::: GIVEN INFORMATION :::

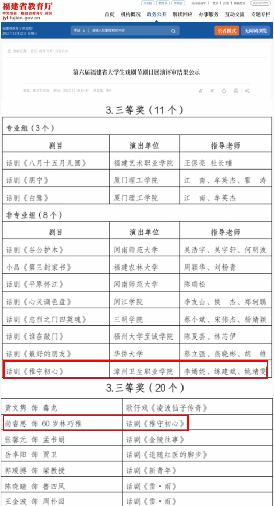近日,由福建省文学艺术界联合会、福建省教育厅联合主办,福建省戏剧家协会承办的第六届福建省大学生戏剧节剧目展演评审结果正式公示。由我校李嫣妮、练建斌、姚靖雯老师指导的原创情景剧《稚守初心》凭借深刻的主题内涵、精湛的舞台呈现与鲜明的艺术特色,在全省众多优秀作品中脱颖而出,荣获剧目展演三等奖,剧中主要演员尚睿思同学荣膺个人表演奖三等奖。
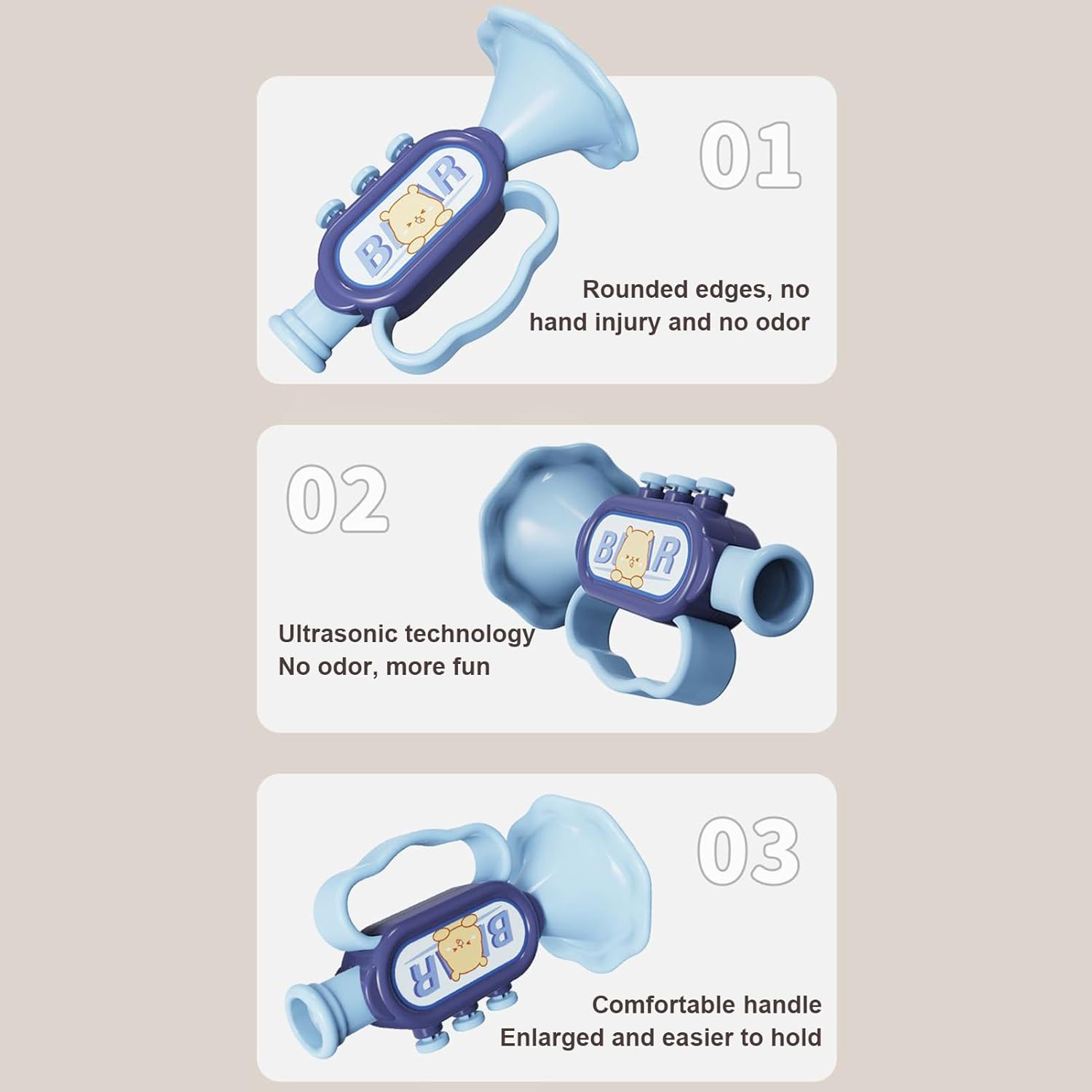 Materiale robusto: realizzata in eccellente materiale ABS, questa tromba per bambini è inodore, sicura e resistente e garantisce un uso a lungo termine senza essere facilmente danneggiata Incoraggia l'apprendimento: i bambini piccoli adoreranno creare un suono forte con un soffio delicato, migliorando le capacità uditive attraverso un'esperienza divertente e coinvolgente con colori vivaci Migliora le capacità sensoriali: esercita efficacemente la capacità polmonare e i muscoli della bocca del bambino, stimolando l'udito e il tatto, favorendo lo sviluppo generale del sistema sensoriale Crea ricordi speciali: incoraggia un buon legame tra genitori e figli e allo stesso tempo crea momenti musicali affascinanti, rafforzando i legami familiari Facile da trasportare: il design portatile di questa tromba consente un facile trasporto, consentendo ai bambini di giocare facilmente ovunque e perfetto per i viaggi a casa o all'aperto
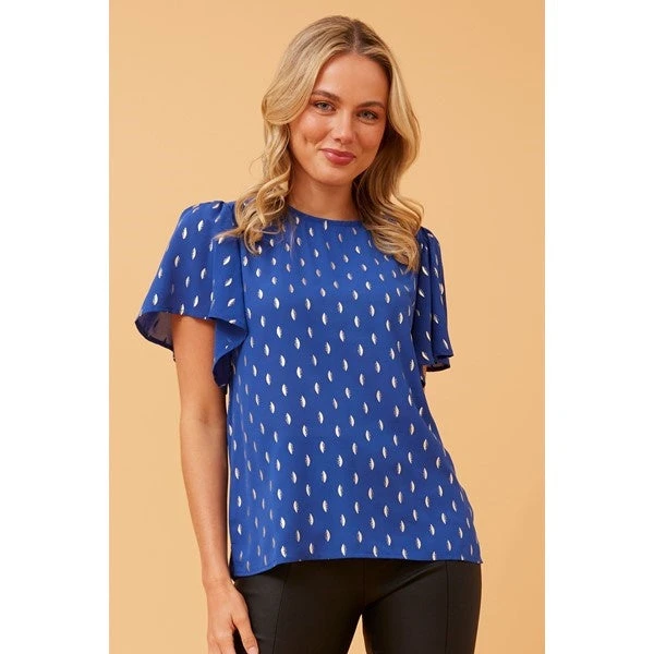Shine like a star in our ditsy foil print top! Crafted in an all over foil print design, this flattering party top is detailed with on-trend flounce sleeves. Add a clutch bag and high heels to be ready to party in seconds!
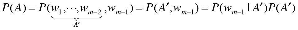 이 동시 확률 P(w1, ..., wm)은 사후 확률을 사용하여 다음과 같이 분해하여 쓸 수 있다.
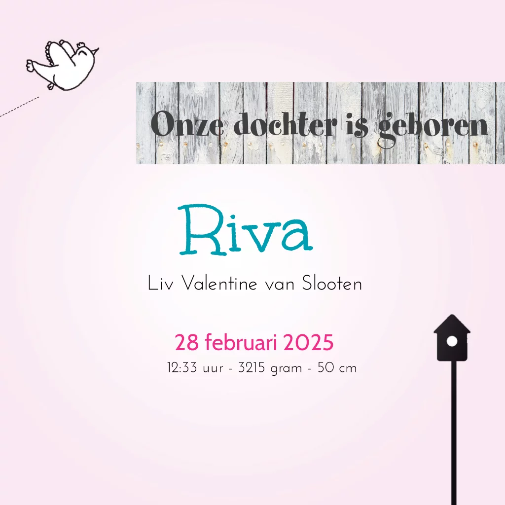 Fleurig kaartje voor een dochter met een houten label waar de naam van je baby in kan staan. Een kaartje met getekende details.
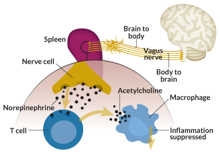 “When we cut the vagus nerve, which runs from the brain stem down to the spleen, the effect was gone,” says Tracey, president and CEO of the Feinstein Institute for Medical Research in Manhasset, N.Y. Later research indicated that stimulating undamaged vagus fibers also had anti-inflammatory effects in animals.
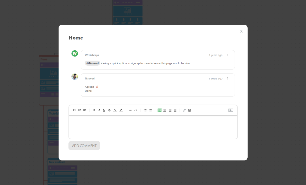 Effective communication is the backbone of any successful digital project. For agencies managing client delivery or internal audits, the ability to gather feedback directly on the sitemap eliminates long email chains and confusing spreadsheets. WriteMaps provides a built-in commenting system to keep all your project discussions in one centralized location.
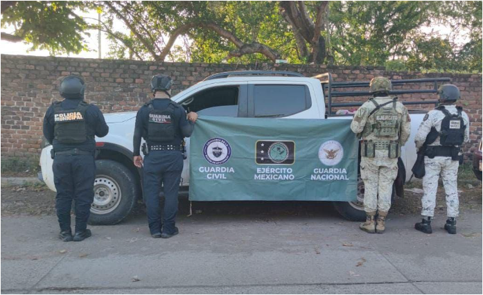 En un primer suceso efectuado, en la localidad 5 de Mayo, los elementos de la Guardia Civil, el Ejército Mexicano y la Guardia Nacional decomisaron cuatro armas de fuego calibre 7.62X39 milímetros, mil 850 cartuchos útiles, 95 cargadores, cascos y chalecos balísticos, así como una camioneta marca Nissan.
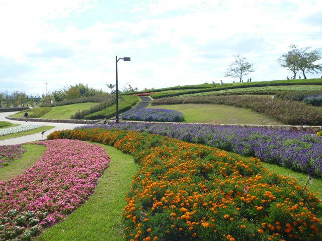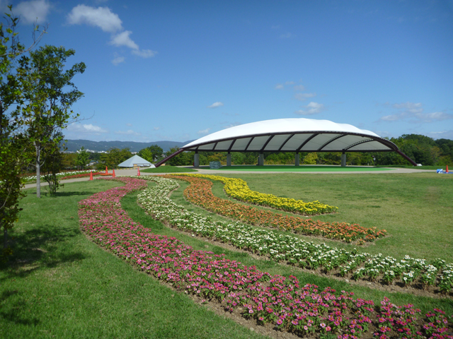 10月5日(土曜日)から開催される馬見フラワーフェスタの、音楽ステージやダリア花じゅうたんの会場になる、北エリア集いの丘で、花壇の植え付けが終了しました。
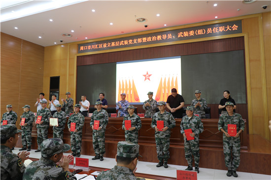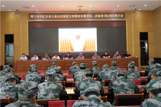 黨管武裝建設(shè)國防,軍民攜手共筑長城。為健全武裝工作組織領(lǐng)導(dǎo)體系為推動國防動員和后備力量建設(shè)在基層末端落實,7月16日上午,周口市川匯區(qū)召開基層武裝黨支部暨政治教導(dǎo)員、武裝委(組)員任職大會。周口軍分區(qū)司令員湯維政,區(qū)委書記、區(qū)人武部黨委第一書記李宗喜,市委組織部處級干部宋陽,區(qū)人武部政委高新傳、部長陳繼芳及城鄉(xiāng)一體化示示范區(qū)、經(jīng)濟(jì)開發(fā)區(qū)、港口物流產(chǎn)業(yè)聚集區(qū)等有關(guān)負(fù)責(zé)同志參加了大會。會上設(shè)立了18個基層武裝黨支部,任命了15名基層武裝部政治教導(dǎo)員、20名村(社區(qū))武裝委(組)員任職命令,武裝部政治教導(dǎo)員、武裝預(yù)建黨支部書記和兼職武裝委(組)員代表先后作了履職承諾發(fā)言,湯維政等為新任命的人員頒發(fā)了任職證書。
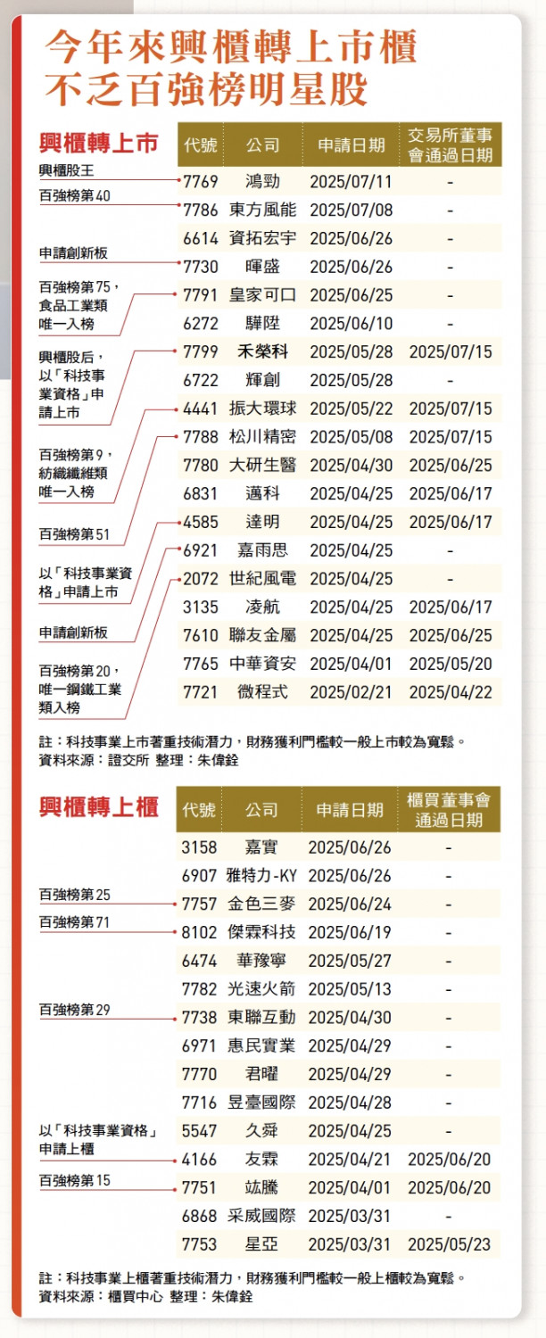 事實上,除了興櫃與公開發行公司,此次也有五家屬於「創新板」的企業入榜。創新板是證交所於二一年推出的新融資平台,目的是為了降低新創公司進入資本市場的門檻。
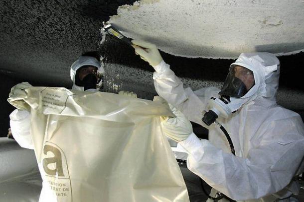 → Installation de zones étanches et protection des abords (bâches, signalétique, accès limité).
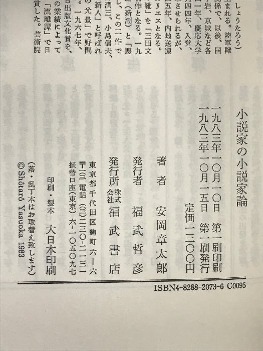 小説家の小説家論 (文芸選書) ベネッセコーポレーション 安岡 章太郎
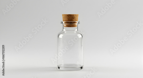 Empty Clear Glass Bottle with Cork Stopper on White Background
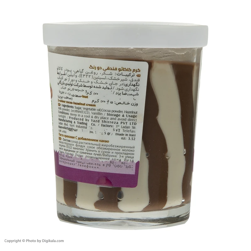 کرم کاکائو فندقی دو رنگ شیررضا – 100 گرم
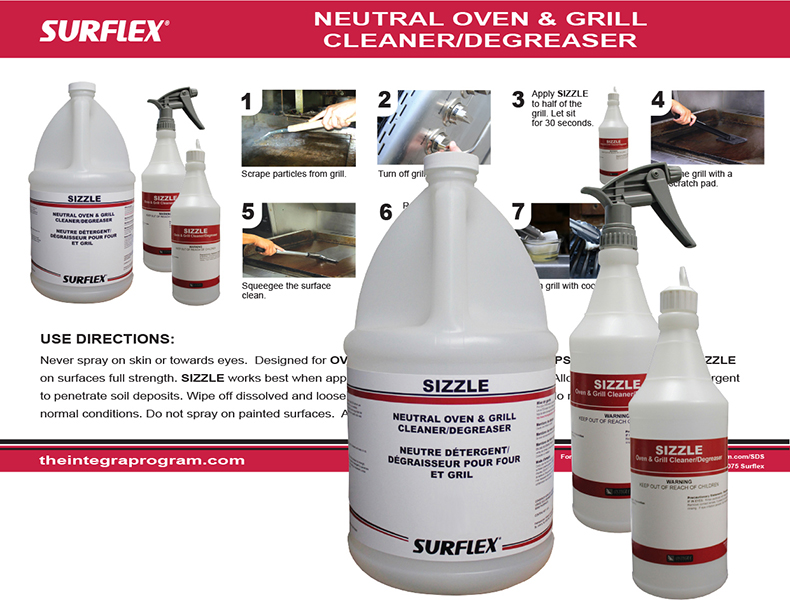 Formulated with a readily biodegradable, high-performance solvent and surfactant system. It will not leave a caustic film. SIZZLE is based on a neutral pH formulation; it cleans comparably to high alkaline formulas, but is much safer to use. No rinsing is necessary under normal conditions.

:::

WHAT TO DO:
Leaving every picture aside, reproduce exactly the lines above from the one with "Shine like a" up to and including the one with "10月5日(土曜日)から開催", and no others.

WRITTEN SOLUTION:
Shine like a star in our ditsy foil print top! Crafted in an all over foil print design, this flattering party top is detailed with on-trend flounce sleeves. Add a clutch bag and high heels to be ready to party in seconds!
 이 동시 확률 P(w1, ..., wm)은 사후 확률을 사용하여 다음과 같이 분해하여 쓸 수 있다.
 Fleurig kaartje voor een dochter met een houten label waar de naam van je baby in kan staan. Een kaartje met getekende details.
 “When we cut the vagus nerve, which runs from the brain stem down to the spleen, the effect was gone,” says Tracey, president and CEO of the Feinstein Institute for Medical Research in Manhasset, N.Y. Later research indicated that stimulating undamaged vagus fibers also had anti-inflammatory effects in animals.
 Effective communication is the backbone of any successful digital project. For agencies managing client delivery or internal audits, the ability to gather feedback directly on the sitemap eliminates long email chains and confusing spreadsheets. WriteMaps provides a built-in commenting system to keep all your project discussions in one centralized location.
 En un primer suceso efectuado, en la localidad 5 de Mayo, los elementos de la Guardia Civil, el Ejército Mexicano y la Guardia Nacional decomisaron cuatro armas de fuego calibre 7.62X39 milímetros, mil 850 cartuchos útiles, 95 cargadores, cascos y chalecos balísticos, así como una camioneta marca Nissan.
 10月5日(土曜日)から開催される馬見フラワーフェスタの、音楽ステージやダリア花じゅうたんの会場になる、北エリア集いの丘で、花壇の植え付けが終了しました。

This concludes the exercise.